## [Exercise data]
----------
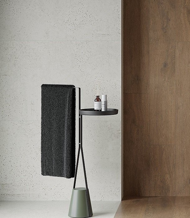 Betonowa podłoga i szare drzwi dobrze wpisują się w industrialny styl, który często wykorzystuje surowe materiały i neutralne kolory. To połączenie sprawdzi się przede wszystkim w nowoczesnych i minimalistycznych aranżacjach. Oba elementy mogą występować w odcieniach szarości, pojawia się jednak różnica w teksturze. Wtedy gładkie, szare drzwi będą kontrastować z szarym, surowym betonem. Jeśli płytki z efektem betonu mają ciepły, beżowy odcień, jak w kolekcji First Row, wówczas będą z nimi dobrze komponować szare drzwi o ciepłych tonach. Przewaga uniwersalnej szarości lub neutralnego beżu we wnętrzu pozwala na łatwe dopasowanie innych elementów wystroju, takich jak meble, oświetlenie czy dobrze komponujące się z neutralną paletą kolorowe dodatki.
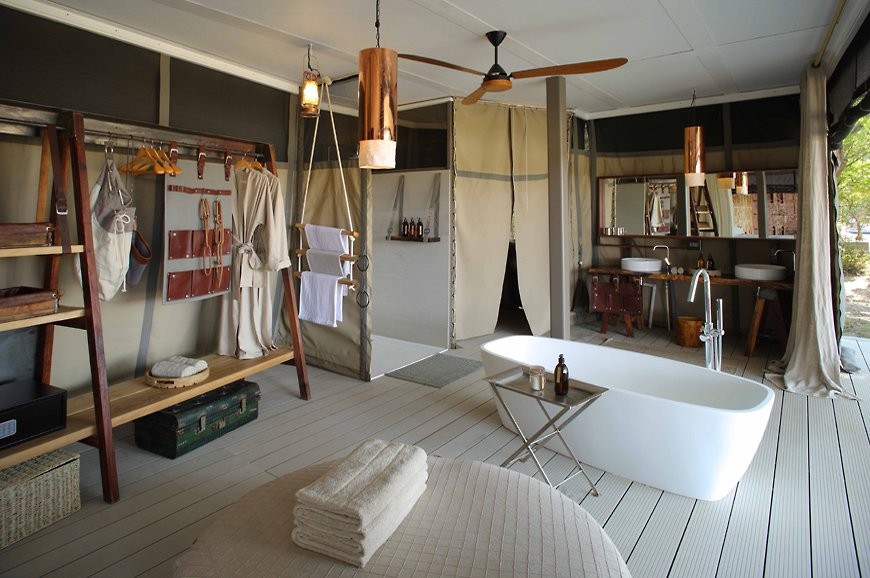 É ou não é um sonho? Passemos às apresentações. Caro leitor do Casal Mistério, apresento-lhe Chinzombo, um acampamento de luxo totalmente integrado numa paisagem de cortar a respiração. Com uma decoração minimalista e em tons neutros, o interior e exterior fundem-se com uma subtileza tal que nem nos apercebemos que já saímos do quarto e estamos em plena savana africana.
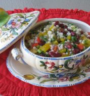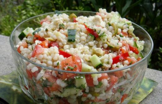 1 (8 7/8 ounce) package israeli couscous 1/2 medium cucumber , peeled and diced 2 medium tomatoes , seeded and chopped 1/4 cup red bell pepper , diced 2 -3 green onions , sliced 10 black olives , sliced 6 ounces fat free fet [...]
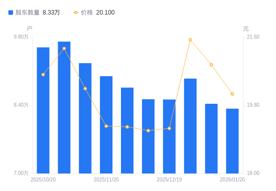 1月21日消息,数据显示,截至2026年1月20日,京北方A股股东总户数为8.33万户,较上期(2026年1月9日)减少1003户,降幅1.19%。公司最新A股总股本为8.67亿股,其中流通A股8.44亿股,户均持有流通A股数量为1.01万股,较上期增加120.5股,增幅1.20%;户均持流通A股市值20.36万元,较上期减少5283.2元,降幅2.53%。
----------
## [Problem]
The whole listing must be restated word for word. Leave out any pictures.

## [Response]
 Betonowa podłoga i szare drzwi dobrze wpisują się w industrialny styl, który często wykorzystuje surowe materiały i neutralne kolory. To połączenie sprawdzi się przede wszystkim w nowoczesnych i minimalistycznych aranżacjach. Oba elementy mogą występować w odcieniach szarości, pojawia się jednak różnica w teksturze. Wtedy gładkie, szare drzwi będą kontrastować z szarym, surowym betonem. Jeśli płytki z efektem betonu mają ciepły, beżowy odcień, jak w kolekcji First Row, wówczas będą z nimi dobrze komponować szare drzwi o ciepłych tonach. Przewaga uniwersalnej szarości lub neutralnego beżu we wnętrzu pozwala na łatwe dopasowanie innych elementów wystroju, takich jak meble, oświetlenie czy dobrze komponujące się z neutralną paletą kolorowe dodatki.
 É ou não é um sonho? Passemos às apresentações. Caro leitor do Casal Mistério, apresento-lhe Chinzombo, um acampamento de luxo totalmente integrado numa paisagem de cortar a respiração. Com uma decoração minimalista e em tons neutros, o interior e exterior fundem-se com uma subtileza tal que nem nos apercebemos que já saímos do quarto e estamos em plena savana africana.
 1 (8 7/8 ounce) package israeli couscous 1/2 medium cucumber , peeled and diced 2 medium tomatoes , seeded and chopped 1/4 cup red bell pepper , diced 2 -3 green onions , sliced 10 black olives , sliced 6 ounces fat free fet [...]
 1月21日消息,数据显示,截至2026年1月20日,京北方A股股东总户数为8.33万户,较上期(2026年1月9日)减少1003户,降幅1.19%。公司最新A股总股本为8.67亿股,其中流通A股8.44亿股,户均持有流通A股数量为1.01万股,较上期增加120.5股,增幅1.20%;户均持流通A股市值20.36万元,较上期减少5283.2元,降幅2.53%。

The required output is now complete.